Finland's competition and consumer watchdog says collections firms have a duty to provide information about the origin of unpaid debts, the sum outstanding, accrued interest and payment schedules, but many may not be complying with the law.

According to the debtors support organisation VTY, collections agencies may call on debtors to pay debts incurred over 20 years ago in the 1990s, with interest, without the agency providing original bills or order confirmations for purchases made.

Deputy head of the organisation Hilkka Laikko said that there may well be questionable practices employed in the debt collection industry.

"Threats [for example], which violate collections law. An agency told one woman that she should just pay up quietly and that if she fought over it, it would be referred to their lawyers and she would be hit with a huge bill," she said in a Radio Suomi interview.

Laikko noted that there had been cases in which the same expired invoices had been sent to collections repeatedly, as debt collectors cycle through customers. As a result, debtors find it difficult to understand the source of the original liability as the debt is sold on from one collector to another.

"It’s very difficult. Quite often collections agencies say that it’s not their responsibility to check for settlement of old debts, to determine what has been paid to the original creditor or even what may have been paid otherwise," Laikko explained.

Debt snowballs from 30 to 600 euros

Collectors may try to claim payment for debts that are up to 25 years old. In one case an overdue 30-euro health centre fee ballooned to a debt of more than 600 euros over a four-year period.

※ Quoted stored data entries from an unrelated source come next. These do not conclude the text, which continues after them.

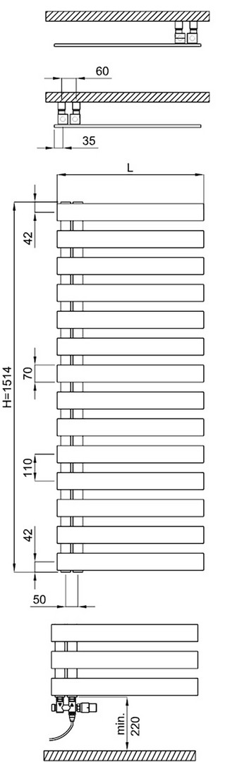 Badheizkörper Optima L [2] H1514xB600xT52, Titangraumetallic
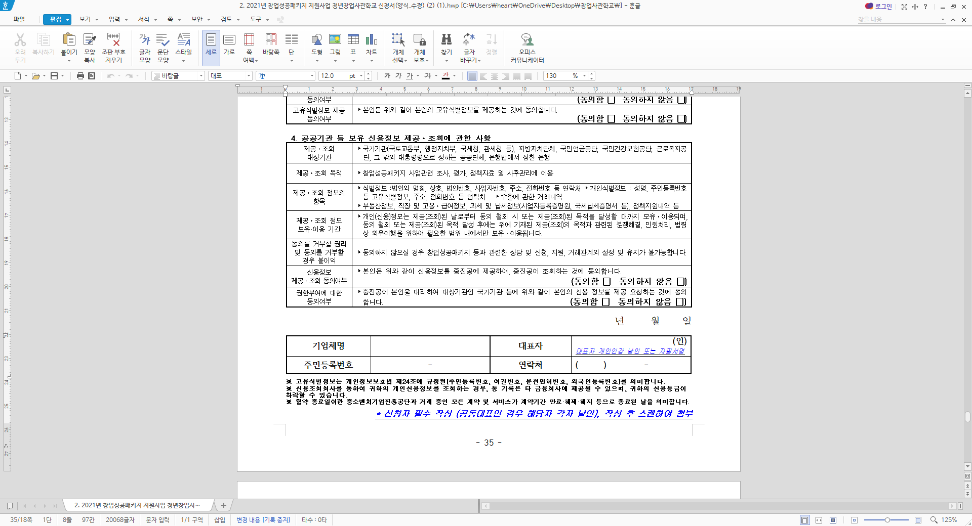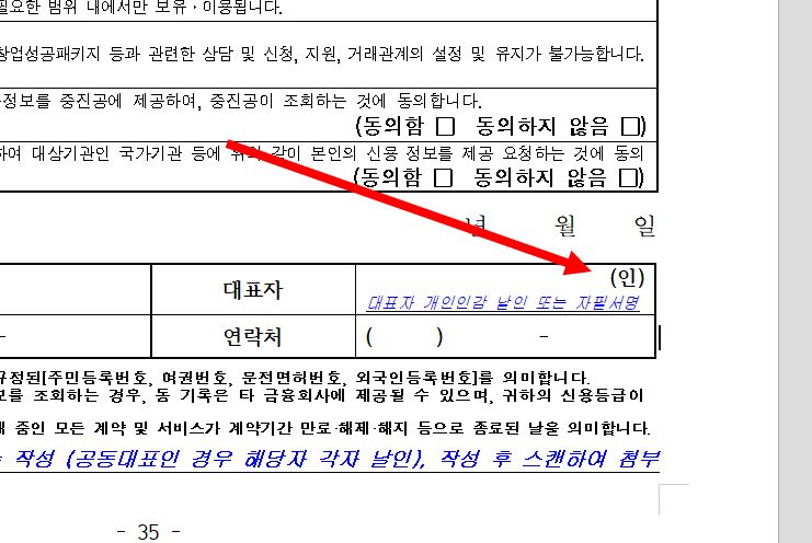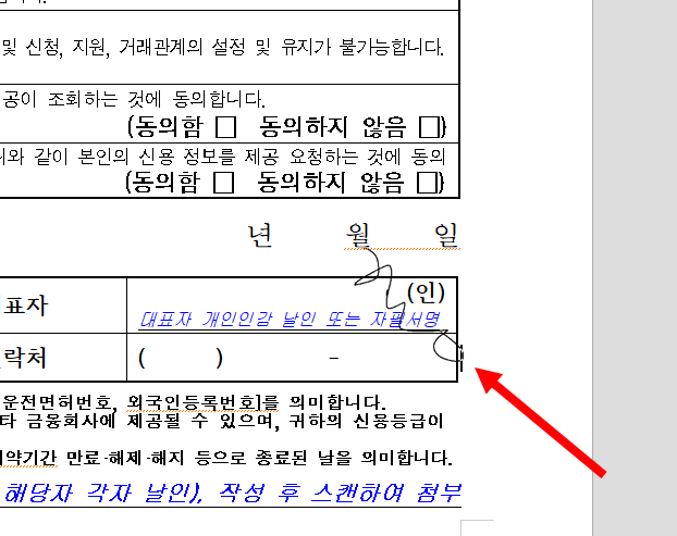 3)문서에서 서명이 필요한 위치로 이동한다.
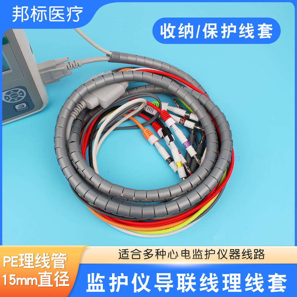 Funda Protectora para Cable de Monitor ECG Yankee Med, 15 mm de Diámetro, 1 m de Longitud, Cubierta de Plástico Negra para Cable con Clip
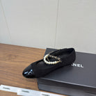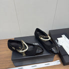 Chanel 25 Mary Jane Ankle Chain Ballet Flat black Suede Cowhide 465597
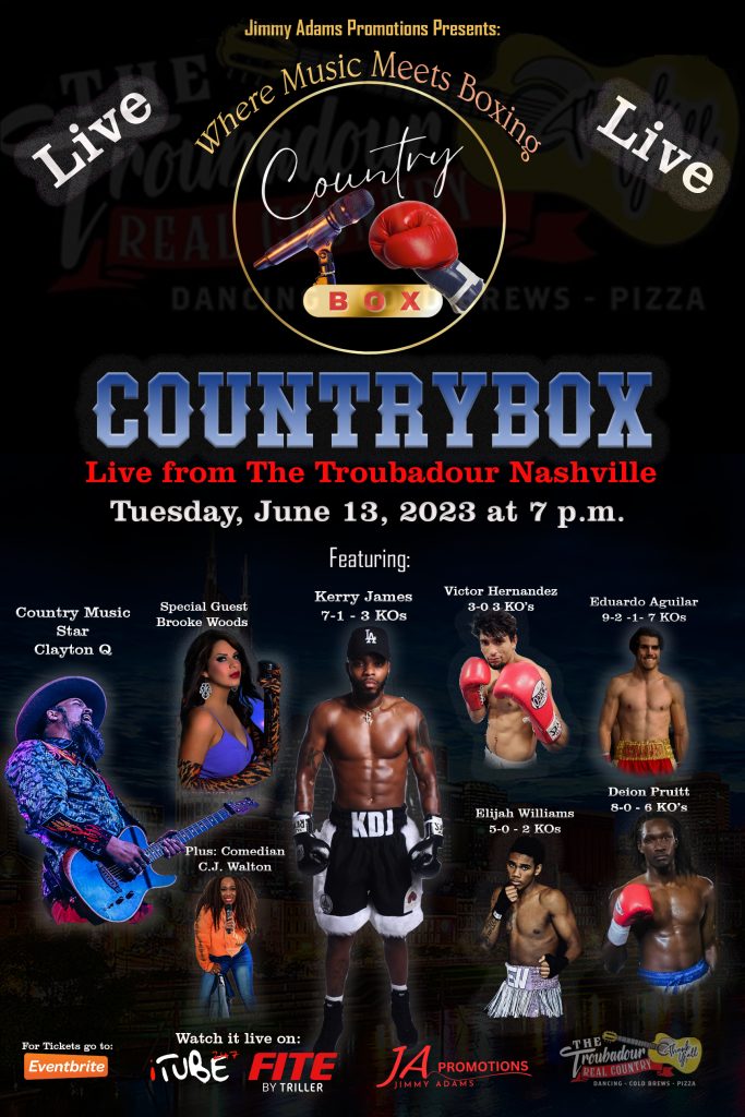Country Box “Where Music Meets Boxing” June 13, 2023 at The Troubadour, Nashville, Tenn. Showtime 7PM. Back by popular demand Clayton Q with special guest Brooke Woods. 7 Professional Boxing Matches featuring Kerry James, Deion Pruitt, Deron Meriweather, Jamer Jones, Elijah Williams & more. Order your reserved seat now at Eventbrite.com or watch it live on countrybox247.com & FITE.TV. For more information contact jimmy@jimmyladams.com Let’s sing & Box together

"It does sound rather unusual. There are limits placed on municipalities’ collectible health centre fees," said lawyer Juha Jokinen of the Consumer and Competition Authority.

He added that it would be worthwhile to find out how an original outstanding payment of a few dozen euros could snowball to debt of hundreds of euros.

"According to collections laws and creditors always have a duty to provide a breakdown of outstanding debts on request, their installments as well as a report on accrued interest on the capital amount outstanding and any related costs. These details should be provided and [if not] then we should be notified,” Jokinen observed.

With respect to old debt recycled from the 1990s, Jokinen called on debtors to find out whether or not their liabilities had expired. At the beginning of the year, one regional administrative authority took the extreme step of revoking the license of a collections firm known as Alektum.

According to the authority, the firm had displayed repeated shortcomings in its operations and had demonstrated contempt for the law, for good collections practices and for official rulings.

Rising cost of living, more consumer credit

"This was just the tip of the iceberg," Laikko declared.

At the beginning of February, collections firm Annomen announced that it was taking over Alektum’s operations in Finland.

Meanwhile, the number of people falling behind on their debts and winding up in the claws of debt collectors continues to rise. In 2018, more than 577,000 people were the subject of collections proceedings, an increase of three percent on the previous year. The majority of them, some 90 percent were private individuals, while the rest were companies.

The rise in collections activity has been attributed to many people living on public support are grappling with rising living costs. In addition many more individuals are relying on consumer credit to make ends meet.